Correct me if i'm wrong, but In the case the asynchronous language is made in the same fashion than AS3 or js, in sort that the main loop is outside of program scope, the program only being message handlers, and the asynchronous calls are handled via a message queue in sort that asynchronous calls are only made by the main loop outside of program scope, and the language doesn't allow blocking, it doesn't require a cactus stack does it ?
With a language based on message queue processed outside of program scope, there is no need for intra-function context switch, and only a single linear stack is required right ?
It's not necessarily optimal because long message processing can introduce latency in repsonse to other messages, but if message processing time is kept low, and all long operations are made asynchronous with message handlers, it can keep low latency, even if it can introduce more complexity in the program when the handler code has to depend on local state which can only be solved with the use of closures, or some kind of heap allocated object passed along in the message.
I've been investigating the different ways to deal with local / short lived object past days, and so far i've seen 3 ways for doing this.
https://stackoverflow.com/questions/2800463/how-variables-are-allocated-memory-in-javascript
Which is what i use in the script to hold procedure arguments or local variable for the moment.
Each time a function/procedure is called, a stack frame is allocated on the heap to store local objects/variables, and collected normally as another heap allocated memory, when the collection is run after the function return.
A specific memory area is allocated for each threads additionally to the heap, and the program can push/pop elements to it by decrementing/incrementing the top pointer.
Pure stack can be made using the cpu built in stack registers and instruction, or implemented separately using higher level primitive to manipulate the stack.
The best i guess is to have a stack system, the advantages are that memory can be reclaimed easily immediately when the function / procedure return without much performance or complexity cost.

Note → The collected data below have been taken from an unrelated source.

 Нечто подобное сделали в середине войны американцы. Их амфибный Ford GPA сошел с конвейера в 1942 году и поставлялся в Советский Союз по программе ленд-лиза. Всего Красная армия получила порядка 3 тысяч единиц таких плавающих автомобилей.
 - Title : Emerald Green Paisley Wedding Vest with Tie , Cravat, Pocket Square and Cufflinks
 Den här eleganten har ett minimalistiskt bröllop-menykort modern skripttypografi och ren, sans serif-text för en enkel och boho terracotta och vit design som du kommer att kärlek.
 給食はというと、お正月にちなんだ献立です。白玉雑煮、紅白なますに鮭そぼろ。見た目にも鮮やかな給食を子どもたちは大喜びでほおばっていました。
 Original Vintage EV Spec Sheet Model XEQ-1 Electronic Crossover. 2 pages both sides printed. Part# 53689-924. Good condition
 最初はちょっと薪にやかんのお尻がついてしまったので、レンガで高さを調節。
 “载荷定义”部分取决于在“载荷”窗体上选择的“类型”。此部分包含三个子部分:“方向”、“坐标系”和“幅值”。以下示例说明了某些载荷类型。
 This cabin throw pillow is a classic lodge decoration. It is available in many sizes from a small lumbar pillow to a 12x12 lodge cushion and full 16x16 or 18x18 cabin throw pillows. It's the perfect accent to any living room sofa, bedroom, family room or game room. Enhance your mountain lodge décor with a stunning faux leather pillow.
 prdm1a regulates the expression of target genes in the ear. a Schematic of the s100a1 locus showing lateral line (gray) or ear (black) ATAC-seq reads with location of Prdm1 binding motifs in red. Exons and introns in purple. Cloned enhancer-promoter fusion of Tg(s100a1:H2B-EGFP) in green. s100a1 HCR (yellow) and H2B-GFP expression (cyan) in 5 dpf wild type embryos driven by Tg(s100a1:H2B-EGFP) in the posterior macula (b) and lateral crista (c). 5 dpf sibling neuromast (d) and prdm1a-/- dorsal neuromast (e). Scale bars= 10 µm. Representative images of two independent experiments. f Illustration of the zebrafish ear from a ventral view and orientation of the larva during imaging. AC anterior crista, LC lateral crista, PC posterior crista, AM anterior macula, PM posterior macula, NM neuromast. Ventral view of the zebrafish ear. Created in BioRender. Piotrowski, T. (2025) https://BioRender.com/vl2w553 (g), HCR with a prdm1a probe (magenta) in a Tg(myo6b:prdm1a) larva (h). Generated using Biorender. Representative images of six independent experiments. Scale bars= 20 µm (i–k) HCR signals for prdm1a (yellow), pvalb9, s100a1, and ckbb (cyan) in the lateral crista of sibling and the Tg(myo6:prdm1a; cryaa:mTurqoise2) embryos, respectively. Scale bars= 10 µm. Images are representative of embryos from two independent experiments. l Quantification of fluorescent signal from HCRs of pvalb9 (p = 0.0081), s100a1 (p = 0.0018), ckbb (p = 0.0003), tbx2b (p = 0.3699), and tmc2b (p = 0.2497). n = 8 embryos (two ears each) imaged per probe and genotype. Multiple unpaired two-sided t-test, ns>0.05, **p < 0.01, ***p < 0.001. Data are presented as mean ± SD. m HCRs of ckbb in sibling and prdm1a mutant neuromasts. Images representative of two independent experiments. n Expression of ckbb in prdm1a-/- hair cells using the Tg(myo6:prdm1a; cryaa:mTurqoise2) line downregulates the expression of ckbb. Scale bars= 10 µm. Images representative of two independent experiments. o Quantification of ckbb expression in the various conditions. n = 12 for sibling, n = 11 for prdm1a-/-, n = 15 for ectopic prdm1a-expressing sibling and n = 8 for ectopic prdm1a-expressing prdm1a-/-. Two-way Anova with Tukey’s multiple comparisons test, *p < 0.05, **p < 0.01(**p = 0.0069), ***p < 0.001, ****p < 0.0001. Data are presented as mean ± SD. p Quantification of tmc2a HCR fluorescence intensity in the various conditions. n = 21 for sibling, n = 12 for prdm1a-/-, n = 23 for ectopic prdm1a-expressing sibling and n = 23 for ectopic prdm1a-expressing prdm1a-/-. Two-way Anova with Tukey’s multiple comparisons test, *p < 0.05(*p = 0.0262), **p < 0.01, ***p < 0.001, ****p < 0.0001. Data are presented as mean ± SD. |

It also make recursion easy, and having lot of function call with local variable will leave the memory use as low as possible across differents functions call without havng to wait for a garbage collection.

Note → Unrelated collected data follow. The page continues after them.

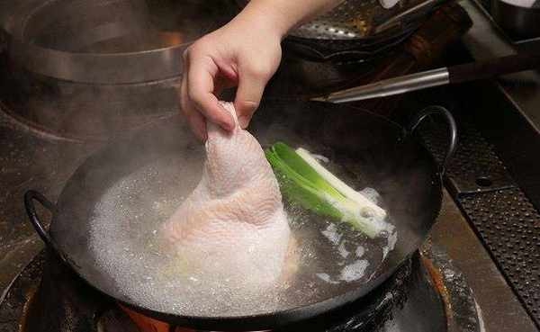 起一锅水煮滚,加入去骨大鸡腿、葱、姜、绍兴酒、盐,转小火煮15分钟后关火。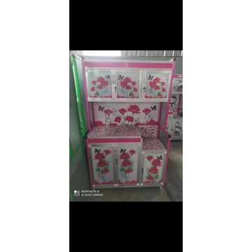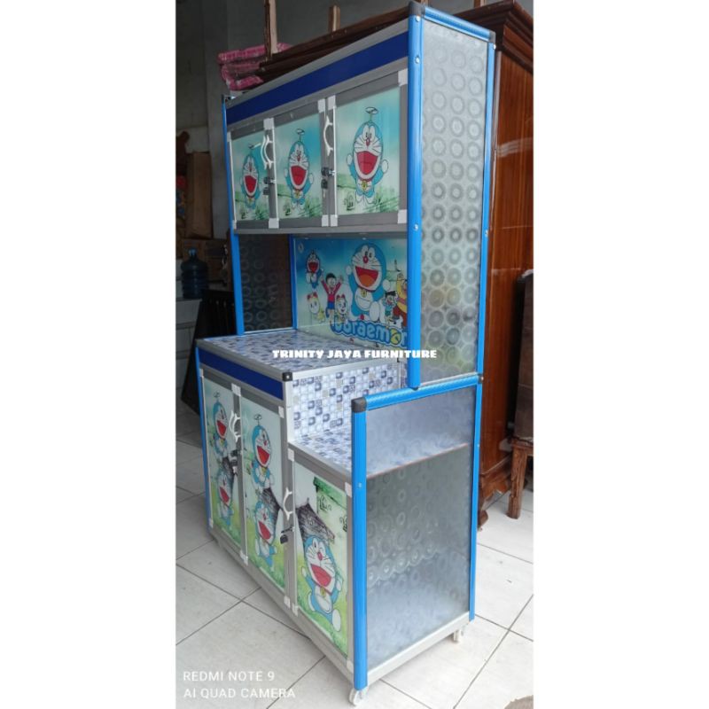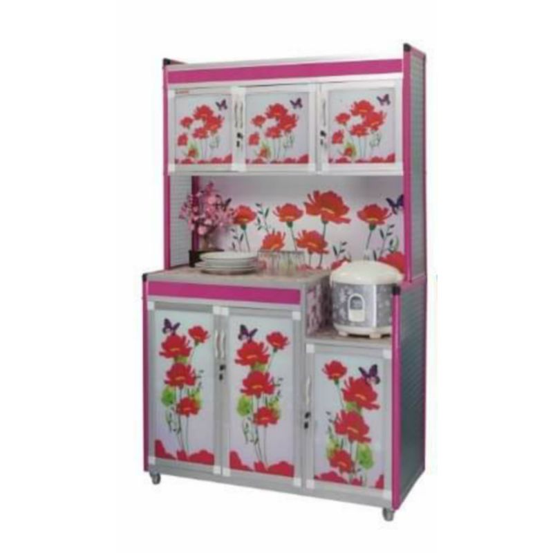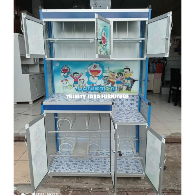 Lemari Rak Piring Almunium Kaca Keramik SUPER 3 Pintu Roda Belakang PLAT Tebal Kokoh Kuat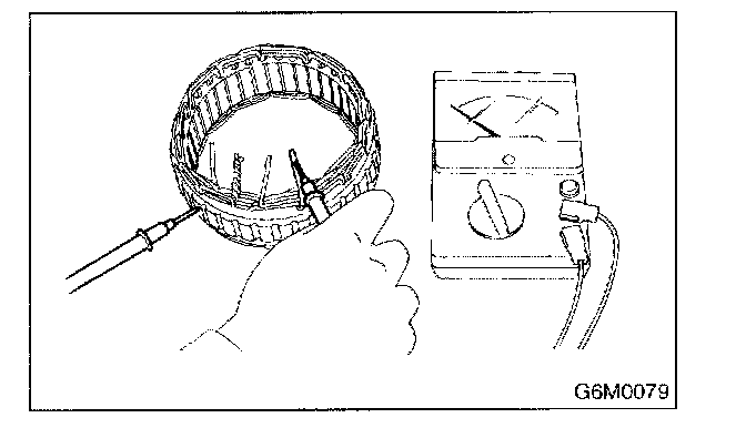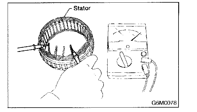 Inspect stator coil for continuity between stator core and each end of the lead wire. If there is continuity, the stator coil is short-circuited, and so replace stator assembly.
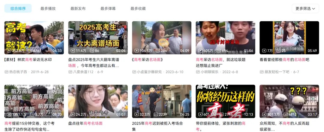 在B站,高考采访名场面成了每年固定的百万播放爆款,也是鬼畜区的最佳素材库。10年前,关晓彤因考后采访一战成名,坐稳学霸人设。6年前,化名“林欢”出场考生面对媒体已读乱回,成为年年被考古的名场面。今年,三位考生先后喊话樊振东回归赛场,直接冲上热搜高位。近几年,带立牌、出cos、举横幅等一系列“花式接考生”活动也成为了集中发力区。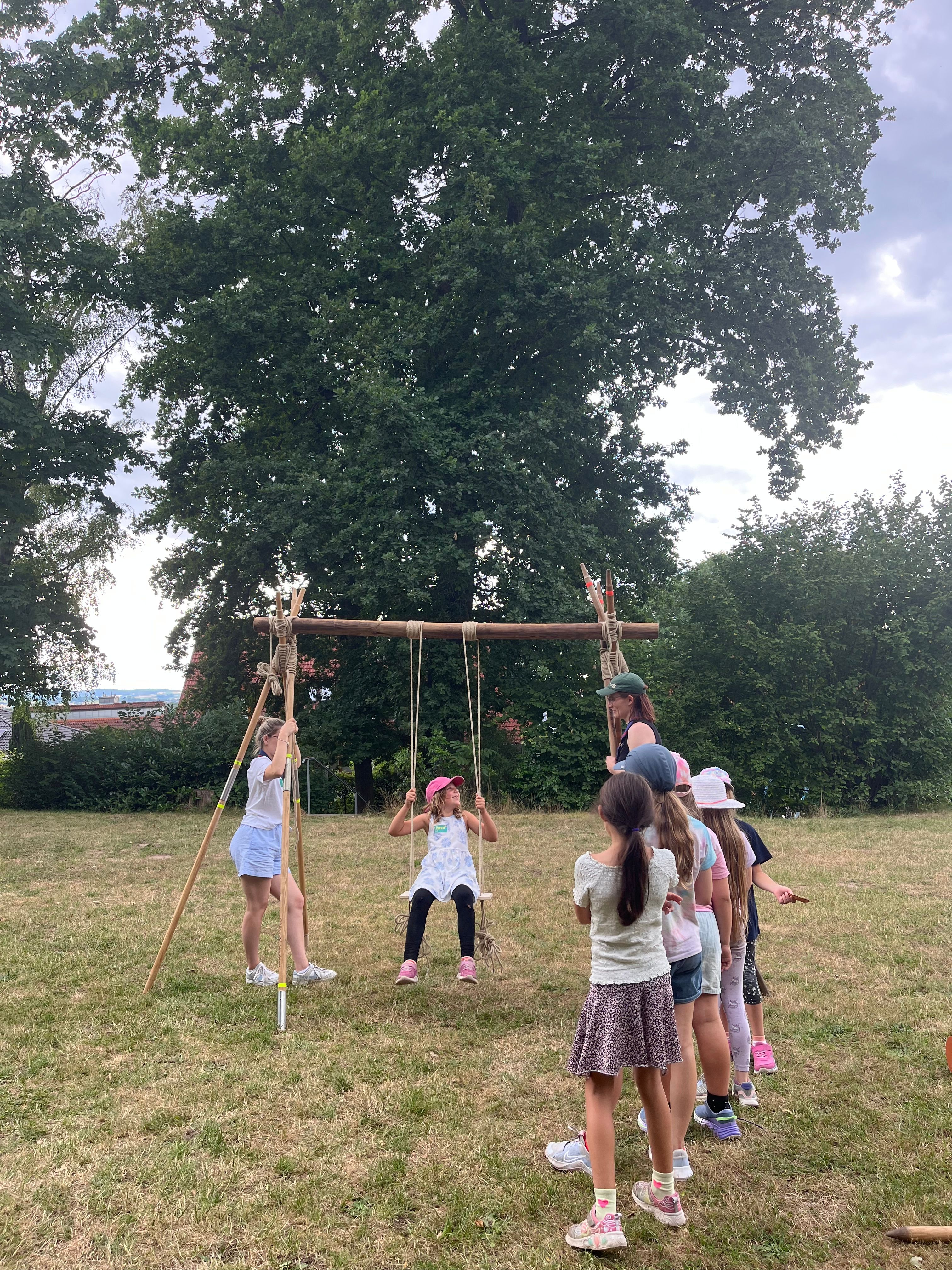 In einem Workshop lernten sie verschiedene Knoten kennen – vom einfachen Kreuzknoten bis hin zum Mastwurf. Dieses Wissen konnten sie direkt anwenden, indem sie gemeinsam eine Schaukel gebaut haben. Die fertige Konstruktion wurde anschließend natürlich ausgiebig getestet – ein echtes Highlight für Alle!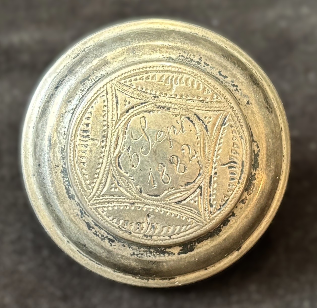 - The Engraving: The inscription “5 Sept 1882” is a personalized commemorative mark. This suggests the inkwell may have been a high-status gift for an anniversary, a promotion, or a birthday.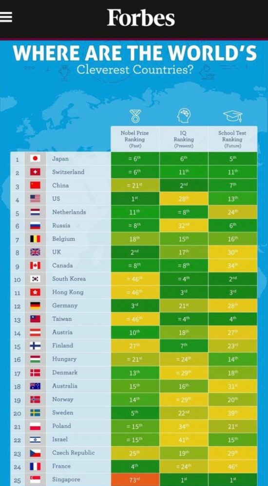Зато Китай получил 21 место по количеству полученных Нобелевских премий, но при этом по показателю текущего национального IQ Поднебесная занимает второе место, уступая Сингапуру, а по показателям успехов учеников своих школ 11 место.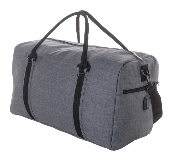 Geantă sport cu fermoar, curea de umăr și conexiune USB încorporată pentru power bank. Poliester 600D.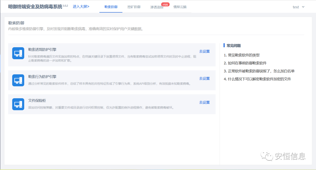 安恒EDR除了能够精准查杀本次突然爆发的该类型勒索病毒外,其针对于勒索病毒的事中防御也同样能够帮助用户终端“免受加密”,当攻击者通过类似此次事件中的利用漏洞或其他绕过防御的方式进行“勒索投毒”之后,仍可凭借“勒索诱饵防护引擎”与“勒索行为防护引擎”在事中针对勒索病毒的加密行为进行有效防护,及时中止勒索行为。

The disavantage i see with stack is first if the language need to support blocking behavior, such as waiting on a promise to fullfill, it needs to pause the execution, then go back some level below to execute the background function or other events handlers while the promise is unavailable, and resume the execution when the promise is fullfilled.
As far as i understand, if the blocking mechanism of pause/resume need to be implemented, it would need a thread-like context switching for the stack, to make in sort that when a function execution is paused, the stack is saved, and it would needs another stack to keep the other part running, and then restoring the stack when the function execution is resumed.
It can be avoided by eliminating all blocking behavior, which is more or less what i intend to do, and using event/callback mechanism to handle asynchronous execution, similar to AS3, even if that can sometime be annoying to have everything as a callback, but otherwise if the language need to have a blocking behavior, even if it's single threaded in green thread manner, it still needs some kind of context switching to save/restore the stack.
With heap allocated structures, only the execution position needs to be saved/restored, and it doesn't require much complex thread-like context switching for blocking behavior.
The other problem is that the memory used by local objects will be invalid when the function return and the stack is restored to previous stack frame, so references to those objects will be invalid after the end of the function execution, but this one is probably not too hard to track either at compile time or runtime, as it should be made explicit that object allocated on the stack cannot be referenced by object allocated on the heap that live longer than the function. If they are simples values, they can just be copied by value. For more complex objects instances, it should be made explicit that heap objects can't hold reference to stack objects ( Not like in C or C++ where stack pointers are undistinguishable from heap pointers ).
Not necessarily, because let say a function or procedure trigger the memory collection when being high on the call stack, the collection still need to trace all the live objects in memory which can still represent high number of objects even if they are 'short lived' or their lifetime is stricly bound.
Using a stack those objects doesn't need to be cared about at all, and their memory is immediately reclaimed automatically for other local objects/variables when the function or procedure return.